Start of Block

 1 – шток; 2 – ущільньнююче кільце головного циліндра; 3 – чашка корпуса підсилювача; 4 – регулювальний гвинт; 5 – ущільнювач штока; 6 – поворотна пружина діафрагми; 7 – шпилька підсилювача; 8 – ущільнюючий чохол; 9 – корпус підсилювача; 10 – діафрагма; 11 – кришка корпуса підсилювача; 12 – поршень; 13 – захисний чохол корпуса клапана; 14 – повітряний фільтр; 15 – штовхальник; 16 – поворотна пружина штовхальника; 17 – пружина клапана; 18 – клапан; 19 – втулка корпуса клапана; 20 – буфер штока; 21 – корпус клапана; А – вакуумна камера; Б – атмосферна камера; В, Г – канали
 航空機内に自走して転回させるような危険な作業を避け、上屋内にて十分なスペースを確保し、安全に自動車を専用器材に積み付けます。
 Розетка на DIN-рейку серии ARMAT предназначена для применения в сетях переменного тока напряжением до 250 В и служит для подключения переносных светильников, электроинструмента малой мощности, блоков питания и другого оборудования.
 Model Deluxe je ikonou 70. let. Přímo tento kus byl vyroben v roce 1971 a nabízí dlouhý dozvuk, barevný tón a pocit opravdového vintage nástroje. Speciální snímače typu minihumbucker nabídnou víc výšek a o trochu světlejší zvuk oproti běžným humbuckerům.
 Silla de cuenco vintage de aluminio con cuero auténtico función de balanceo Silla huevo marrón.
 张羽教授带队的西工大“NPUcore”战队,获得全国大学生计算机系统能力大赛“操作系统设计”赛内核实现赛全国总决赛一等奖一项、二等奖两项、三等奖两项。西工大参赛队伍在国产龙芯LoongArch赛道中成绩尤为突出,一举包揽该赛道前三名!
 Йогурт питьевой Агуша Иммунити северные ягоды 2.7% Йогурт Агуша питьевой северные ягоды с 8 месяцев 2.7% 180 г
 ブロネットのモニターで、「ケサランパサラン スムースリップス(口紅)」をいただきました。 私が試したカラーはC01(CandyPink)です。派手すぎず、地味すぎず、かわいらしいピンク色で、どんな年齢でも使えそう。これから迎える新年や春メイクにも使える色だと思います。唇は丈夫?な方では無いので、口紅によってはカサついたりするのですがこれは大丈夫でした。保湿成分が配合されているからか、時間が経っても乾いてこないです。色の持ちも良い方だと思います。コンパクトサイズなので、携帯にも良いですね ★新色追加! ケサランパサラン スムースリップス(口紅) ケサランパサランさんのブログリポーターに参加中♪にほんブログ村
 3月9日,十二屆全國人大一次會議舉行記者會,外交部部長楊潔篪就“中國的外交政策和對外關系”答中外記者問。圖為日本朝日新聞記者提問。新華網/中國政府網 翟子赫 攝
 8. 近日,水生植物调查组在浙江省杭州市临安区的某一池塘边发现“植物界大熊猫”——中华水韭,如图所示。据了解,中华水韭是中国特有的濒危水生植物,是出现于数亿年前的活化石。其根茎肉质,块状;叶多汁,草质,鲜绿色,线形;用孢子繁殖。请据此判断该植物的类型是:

End of Block

== Problem details ==
Scan the entries above and copy each line where "vintage" occurs.

== Written solution ==
 Model Deluxe je ikonou 70. let. Přímo tento kus byl vyroben v roce 1971 a nabízí dlouhý dozvuk, barevný tón a pocit opravdového vintage nástroje. Speciální snímače typu minihumbucker nabídnou víc výšek a o trochu světlejší zvuk oproti běžným humbuckerům.
 Silla de cuenco vintage de aluminio con cuero auténtico función de balanceo Silla huevo marrón.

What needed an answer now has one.